*** RECORDED DATA ***
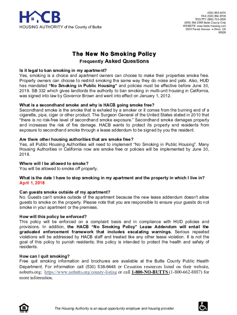 This document outlines the frequently asked questions regarding the No Smoking Policy implemented by the Housing Authority of the County of Butte, including legal aspects, reasons for going smoke-free,
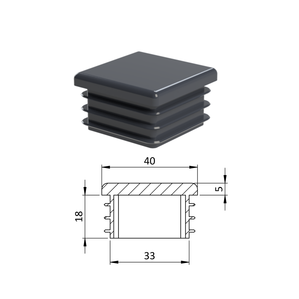 Krytka plastová 40 x 40 mm, antracit
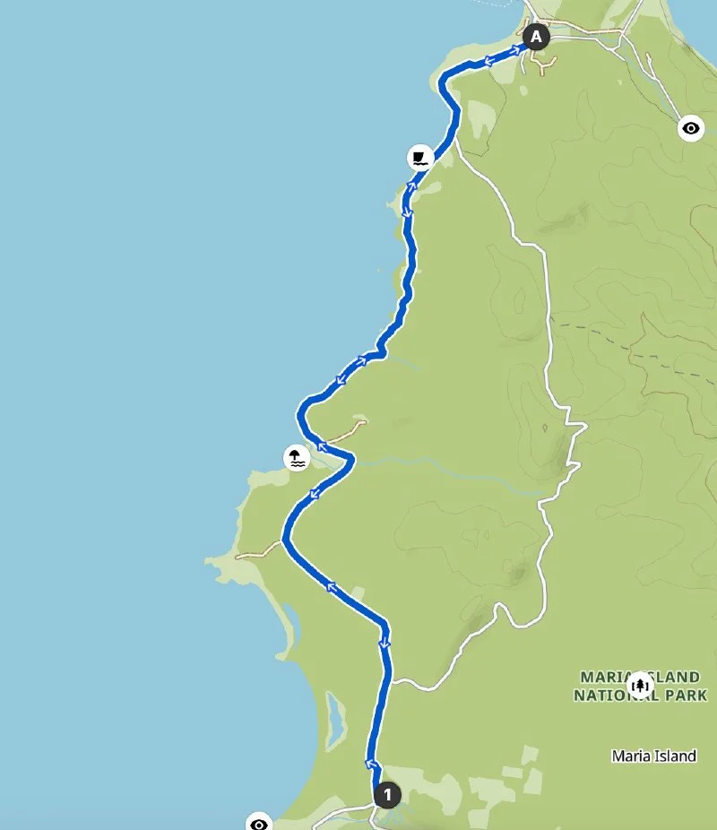 There is an optional side trip to Encampment Cove and Point Lesueur starting at the junction to French’s Farm. This road is mostly flat, and is slightly more challenging than the coastal road. Encampment cove and Point Lesueur are home to the Maria Island Convict Cells and carries with it a rich history.
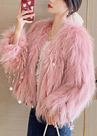 Questa giacca in pelliccia sintetica rosa con dettagli di perline pendenti è perfetta per un look glamour e audace.
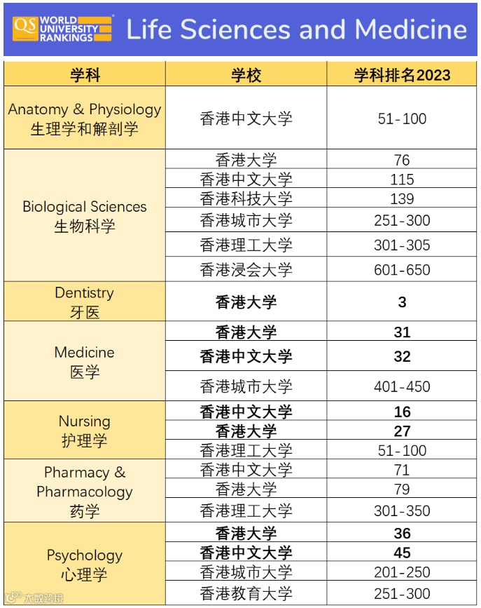 在今年的QS世界大学学科排名中,香港地区的高校在生命科学与医学(Life Sciences & Medicine)专业方面,整体表现不俗,实力强劲!
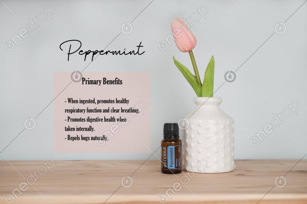 photos of peppermint in my light and airy photo series of the Healthy Essentials kit. three photos, one with text, one blank and one sized for stories.
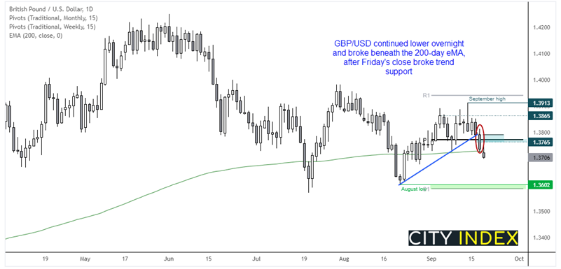 英镑/美元在周五跌穿趋势支撑位后,隔夜失守200天EMA均线。自9月高点以来,货币对已下挫了约1.5%,距触及8月低点还有约0.75%的下跌空间。1.3765下方继续看跌,但今天的高位可用来微调风险管理。
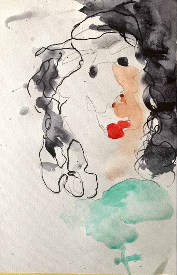Ein Gesicht, kaum greifbar – nur angedeutet durch flüchtige Striche und fließende Farben. Die roten Lippen setzen einen starken Akzent, ein Kontrast zur sanften Auflösung der Konturen.
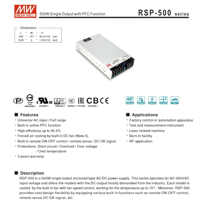 RSP-500 là nguồn cung cấp điện AC / DC đơn đầu ra 500W. Dòng sản phẩm này hoạt động với điện áp đầu vào 85 ~ 264VAC và cung cấp các kiểu máy có đầu ra DC chủ yếu được yêu cầu từ ngành công nghiệp. Mỗi mô hình được làm mát bằng quạt tích hợp với điều khiển tốc độ quạt, hoạt động ở nhiệt độ lên đến 70. Hơn nữa, RSP-500 ° C mang lại sự linh hoạt trong thiết kế bằng cách trang bị nhiều chức năng tích hợp khác nhau như điều khiển BẬT-TẮT từ xa, cảm biến từ xa, tín hiệu DC OK, v.v.
***
WHAT YOU ARE ASKED TO DO: Output each record verbatim, but skip anything that is a picture.

TASK SOLUTION:
 This document outlines the frequently asked questions regarding the No Smoking Policy implemented by the Housing Authority of the County of Butte, including legal aspects, reasons for going smoke-free,
 Krytka plastová 40 x 40 mm, antracit
 There is an optional side trip to Encampment Cove and Point Lesueur starting at the junction to French’s Farm. This road is mostly flat, and is slightly more challenging than the coastal road. Encampment cove and Point Lesueur are home to the Maria Island Convict Cells and carries with it a rich history.
 Questa giacca in pelliccia sintetica rosa con dettagli di perline pendenti è perfetta per un look glamour e audace.
 在今年的QS世界大学学科排名中,香港地区的高校在生命科学与医学(Life Sciences & Medicine)专业方面,整体表现不俗,实力强劲!
 photos of peppermint in my light and airy photo series of the Healthy Essentials kit. three photos, one with text, one blank and one sized for stories.
 英镑/美元在周五跌穿趋势支撑位后,隔夜失守200天EMA均线。自9月高点以来,货币对已下挫了约1.5%,距触及8月低点还有约0.75%的下跌空间。1.3765下方继续看跌,但今天的高位可用来微调风险管理。
Ein Gesicht, kaum greifbar – nur angedeutet durch flüchtige Striche und fließende Farben. Die roten Lippen setzen einen starken Akzent, ein Kontrast zur sanften Auflösung der Konturen.
 RSP-500 là nguồn cung cấp điện AC / DC đơn đầu ra 500W. Dòng sản phẩm này hoạt động với điện áp đầu vào 85 ~ 264VAC và cung cấp các kiểu máy có đầu ra DC chủ yếu được yêu cầu từ ngành công nghiệp. Mỗi mô hình được làm mát bằng quạt tích hợp với điều khiển tốc độ quạt, hoạt động ở nhiệt độ lên đến 70. Hơn nữa, RSP-500 ° C mang lại sự linh hoạt trong thiết kế bằng cách trang bị nhiều chức năng tích hợp khác nhau như điều khiển BẬT-TẮT từ xa, cảm biến từ xa, tín hiệu DC OK, v.v.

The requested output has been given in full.